+++ Dataset section
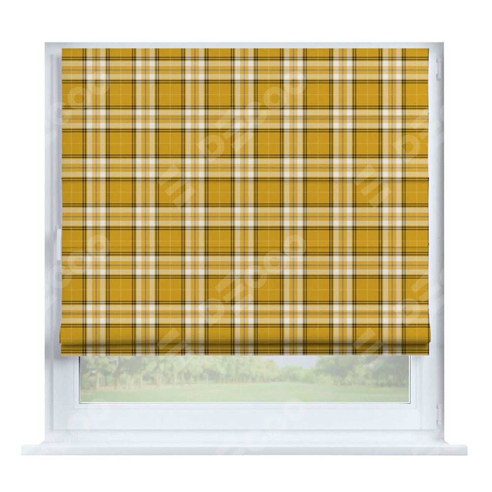 Римская штора производителя «Cortin», устанавливается на створку окна, пошита из ткани блэкаут с нанесением сублимационной печати «Желто-горчичная клетка». Штора шьётся по индивидуальным размерам, для данного типа римской шторы возможная ширина от 35 до 150 см., высота до 250 см.
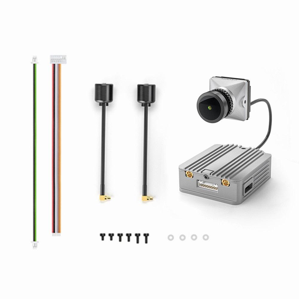 CADDX Polar Air Unit Kit includes an HD digital starlight camera with a 1/1.8-inch sensor, 32ms latency, and a range of 4km. It features a resolution of 720p at 60fps, with a minimum illumination of 0.003 Lux per individual pixel size of 5.5μm. The Polar camera also has a custom F1.8 aperture.
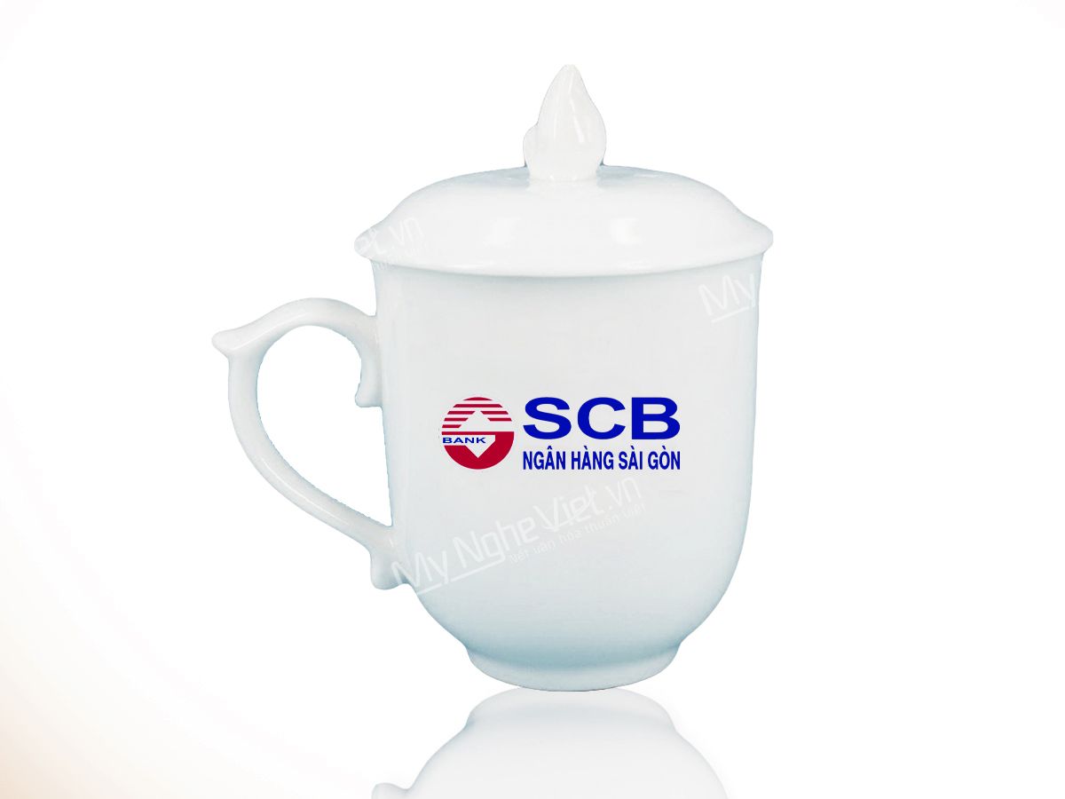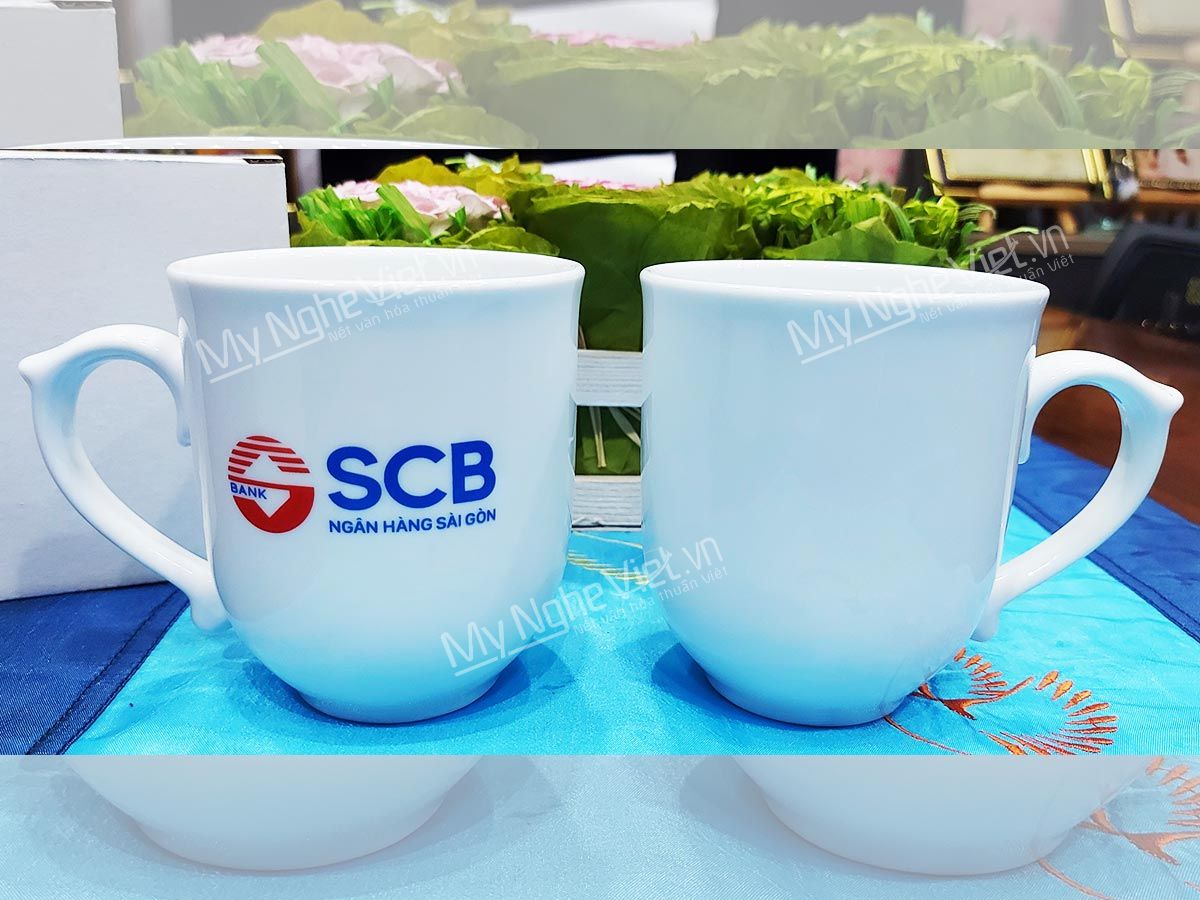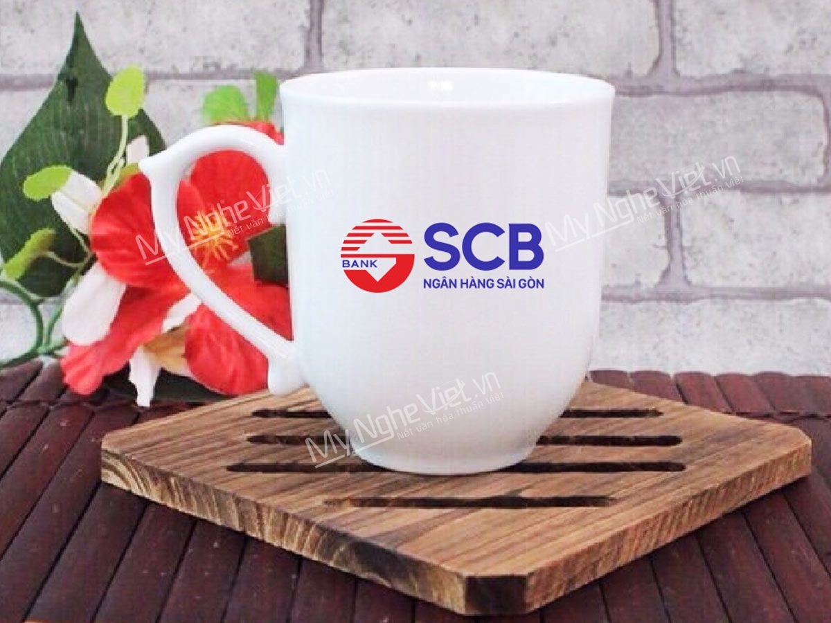 Quà tặng ly sứ in logo SCBChi phí cho 1 ly sứ in logo tại Mỹ Nghệ Việt rất phù hợp ngân sách
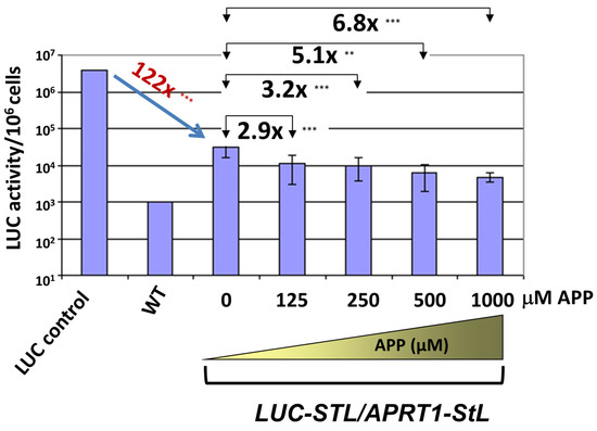 In the absence of APP selection, luciferase expression was reduced 122 fold in the APRT1-StL+LUC-StL/LUC parasites (Figure 7), slightly less than the 200–300 fold reduction seen previously [10] but greater than the 30–50 fold seen in Figure 2B with similarly sized stems. These experimental series were performed months or even years apart, and we suspect small differences in vector design or clonal variation may be a contributing factor. Since each series of experiments was internally controlled, we consider these differences of neglible significance in this context.
++++++
* [Aim of the task]: Take the material above and set it down exactly, minus the images.

* [Written answer]:
 Римская штора производителя «Cortin», устанавливается на створку окна, пошита из ткани блэкаут с нанесением сублимационной печати «Желто-горчичная клетка». Штора шьётся по индивидуальным размерам, для данного типа римской шторы возможная ширина от 35 до 150 см., высота до 250 см.
 CADDX Polar Air Unit Kit includes an HD digital starlight camera with a 1/1.8-inch sensor, 32ms latency, and a range of 4km. It features a resolution of 720p at 60fps, with a minimum illumination of 0.003 Lux per individual pixel size of 5.5μm. The Polar camera also has a custom F1.8 aperture.
 Quà tặng ly sứ in logo SCBChi phí cho 1 ly sứ in logo tại Mỹ Nghệ Việt rất phù hợp ngân sách
 In the absence of APP selection, luciferase expression was reduced 122 fold in the APRT1-StL+LUC-StL/LUC parasites (Figure 7), slightly less than the 200–300 fold reduction seen previously [10] but greater than the 30–50 fold seen in Figure 2B with similarly sized stems. These experimental series were performed months or even years apart, and we suspect small differences in vector design or clonal variation may be a contributing factor. Since each series of experiments was internally controlled, we consider these differences of neglible significance in this context.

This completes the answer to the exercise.